Counseling a patient appropriately is imperative to the surgeon-patient relationship as well as establishing appropriate patient expectations for potential complications and outcome. In the upper body lift, is it particularly important that the patient understands the postoperative scar burden. In addition, these findings emphasize the importance of a multidisciplinary approach to these patients in terms of appropriate medical therapies, BMI stabilization, and optimized nutrition. When these areas are neglected or our massive weight loss populations’ risk factors go unacknowledged, patients and surgeons can experience dissatisfaction, an increased risk of complications, and less than optimal aesthetic outcomes.
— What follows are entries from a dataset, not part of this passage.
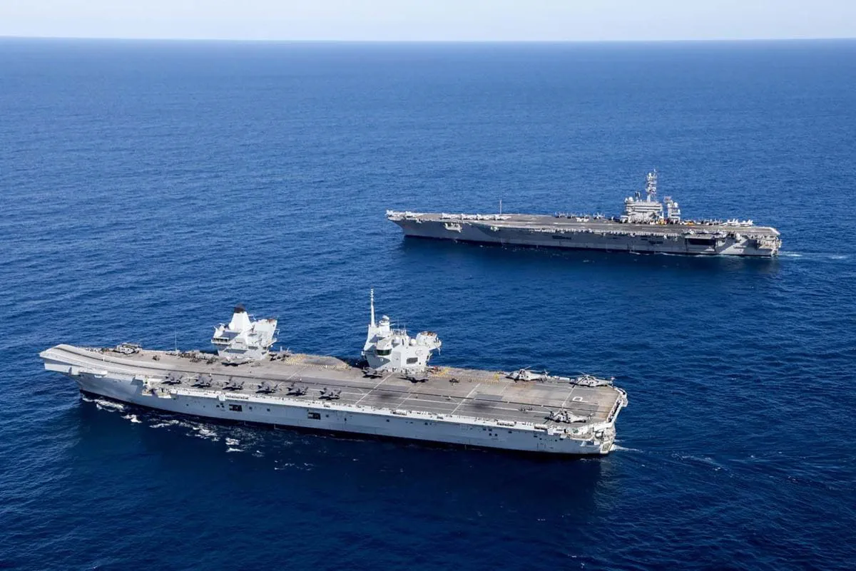 2025年7月18日,英國皇家海軍“威爾士親王”號航母(R09)與美國“喬治·華盛頓”號航母(CVN-73)(英國皇家海軍供圖)
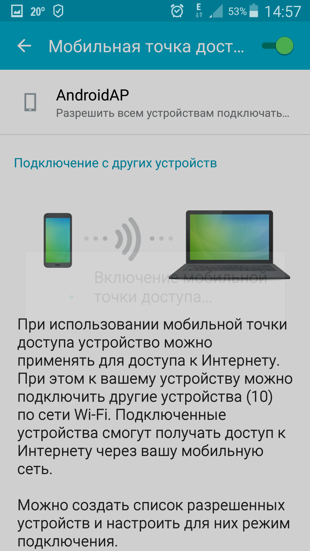 - Нажмите на AndroidAP чтобы выбрать, кому разрешить использовать Wi-Fi - "Все устройства" или "Только разрешенные устройства".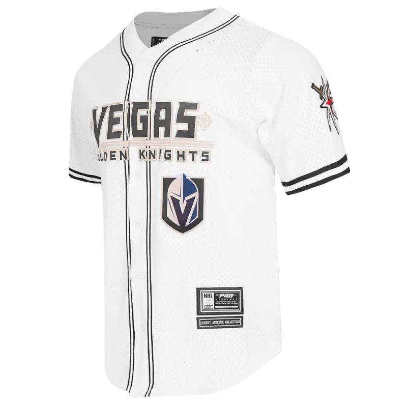 NHL VEGAS GOLDEN KNIGHTS CLASSIC MEN’S MESH BUTTON DOWN JERSEY (WHITE \/ BLACK \/ WHTE)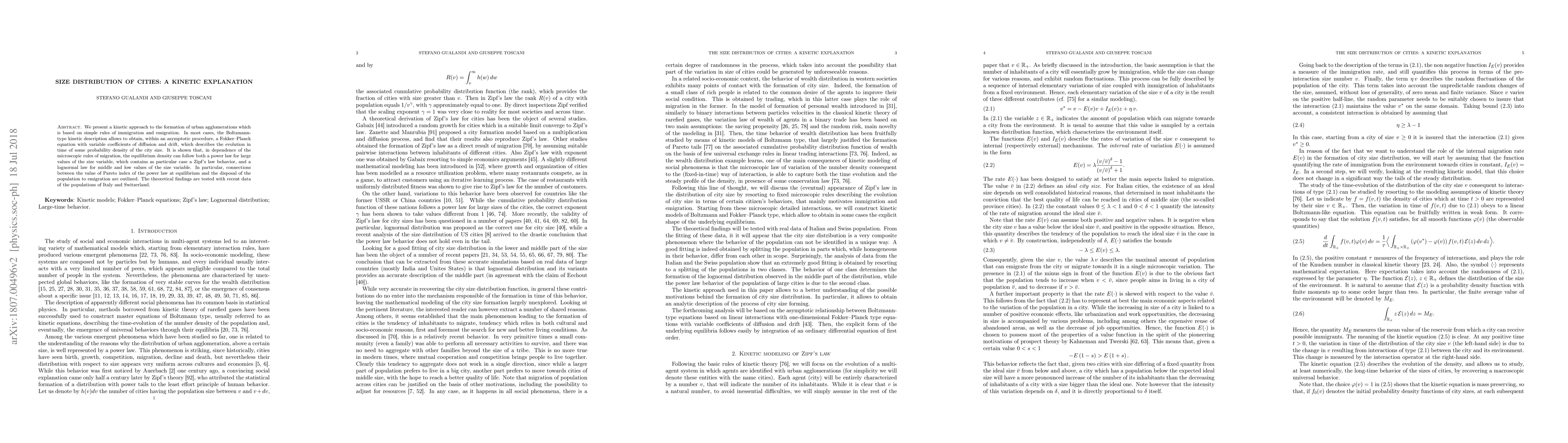 We present a kinetic approach to the formation of urban agglomerations which is based on simple rules of immigration and emigration. In most cases, the Boltzmann-type kinetic description allows to obtain, within an asymptotic procedure, a Fokker--Planck equation with variable coefficients of diffusion and drift, which describes the evolution in time of some probability density of the city size. It is shown that, in dependence of the microscopic rules of migration, the equilibrium density can follow both a power law for large values of the size variable, which contains as particular case a Zipf's law behavior, and a lognormal law for middle and low values of the size variable. In particular, connections between the value of Pareto index of the power law at equilibrium and the disposal of the population to emigration are outlined. The theoretical findings are tested with recent data of the populations of Italy and Switzerland.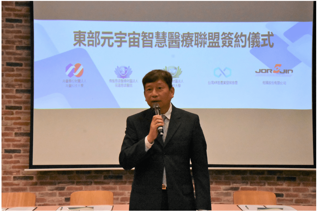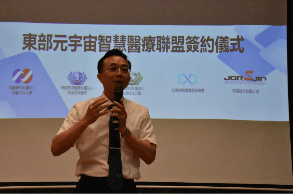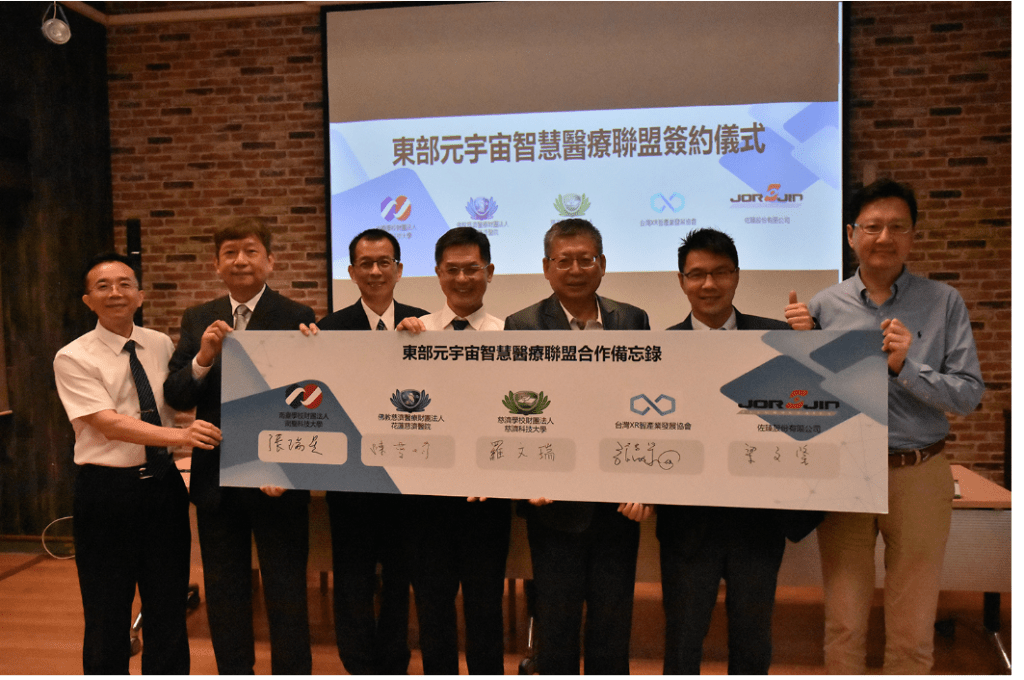 為了積極推動智慧醫療應用合作,五月三日,慈濟科技大學廣邀醫界、學界、產業界,也就是花蓮慈濟醫院、南臺科技大學、台灣XR 智能產業發展協會和佐臻股份有限公司,簽署東部元宇宙智慧醫療聯盟合作備忘錄(MOU)。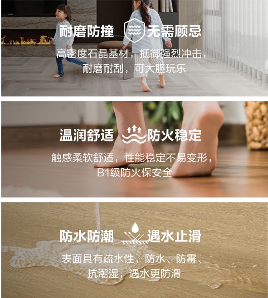 家里装地暖?石晶地板导热均匀,是温暖的好搭档。住在潮湿的南方?它不惧梅雨,防水防潮,不会让你看着发胀的地板发愁。有活泼好动的孩子或宠物?耐刮擦的特性让你不再为每个小痕迹心疼。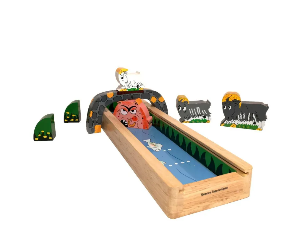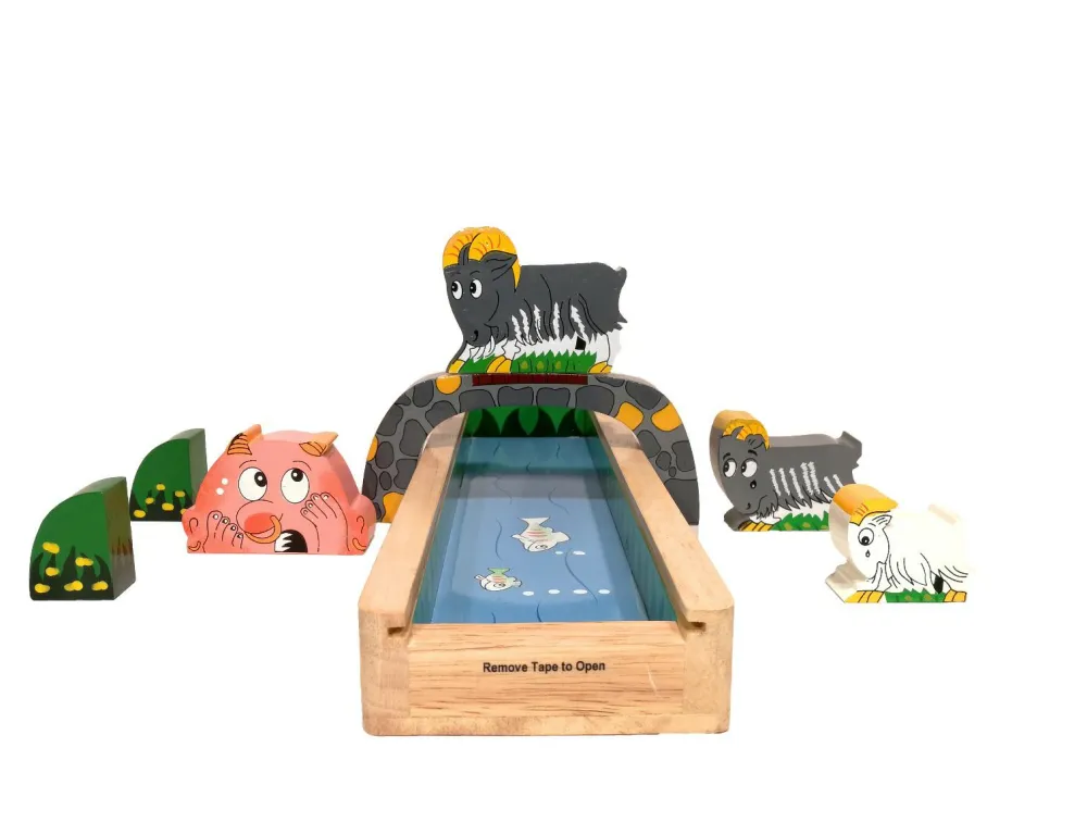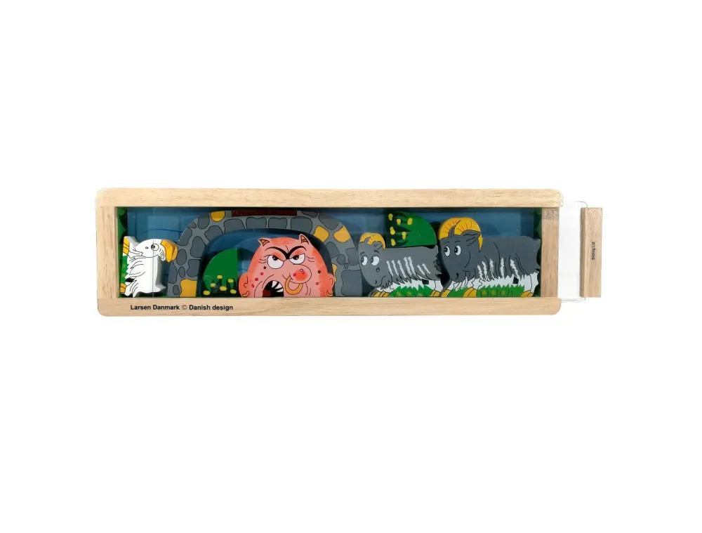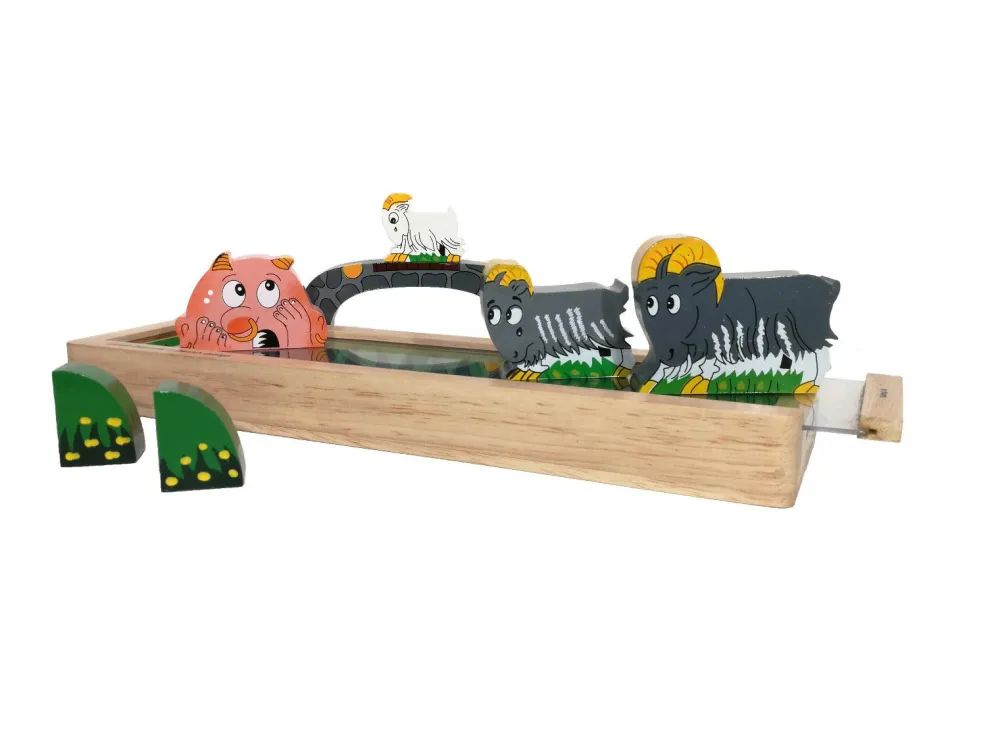 Skønne eventyrklodser af træ med blank overflade og flotte farver, som bringer det norske folkeeventyr om De Tre Bukke Bruse til live for børn helt ned til vuggestuealderen og til indskolingen.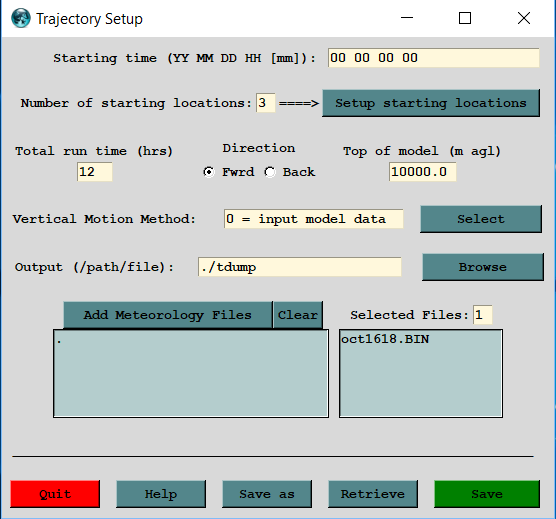 The display of the three-trajectory graphic means that all the HYSPLIT components have been correctly installed. In subsequent simulations through the GUI, the Quick Start menu would normally not be used because it automatically combines three individual steps: configuring the model simulation, running the simulation, and converting the output to a graphical format. These components will be explored in more detail individually. Many of the features available through the GUI apply to trajectory as well as air concentration calculations. After testing the air concentration simulation in the next section, the trajectory calculations will be explored in more detail. | ||||||||||||

The small sample size in this study and its retrospective nature limit some of the reliability of the data. Additionally, while SMC analysis is able to show correlations between data, it is limited in its ability to describe causation. Further studies should aim to measure the significance of the severity of a risk factor to postoperative outcomes.

Conclusions

The upper body lift is a combination of a brachioplasty, lateral chest excision, and breast shaping procedure. Our data show that this is a safe procedure with predictable outcomes. Although our complication rate was high, the overwhelming majority were minor in the form of wound healing problems and infection. To avoid potential complications, the specific risk factors to be aware of when assessing a patient for an upper body lift include anemia, arterial hypertension, and a positive lifetime history of smoking. The decision to proceed with multiple body contouring operations in the same procedure should be weighed against the increased risk of wound breakdown. Importantly, BMI and the amount of mass resected do not play a role in the risk of postoperative complications. This study affords us a better understanding of the risk profile of our massive weight loss patient population in the upper body lift. Nevertheless, this is a small case series, and more research on the topic should be conducted in the future. This series underlines the steps plastic surgeons can take to keep patients safe and minimize complications in the upper body lift.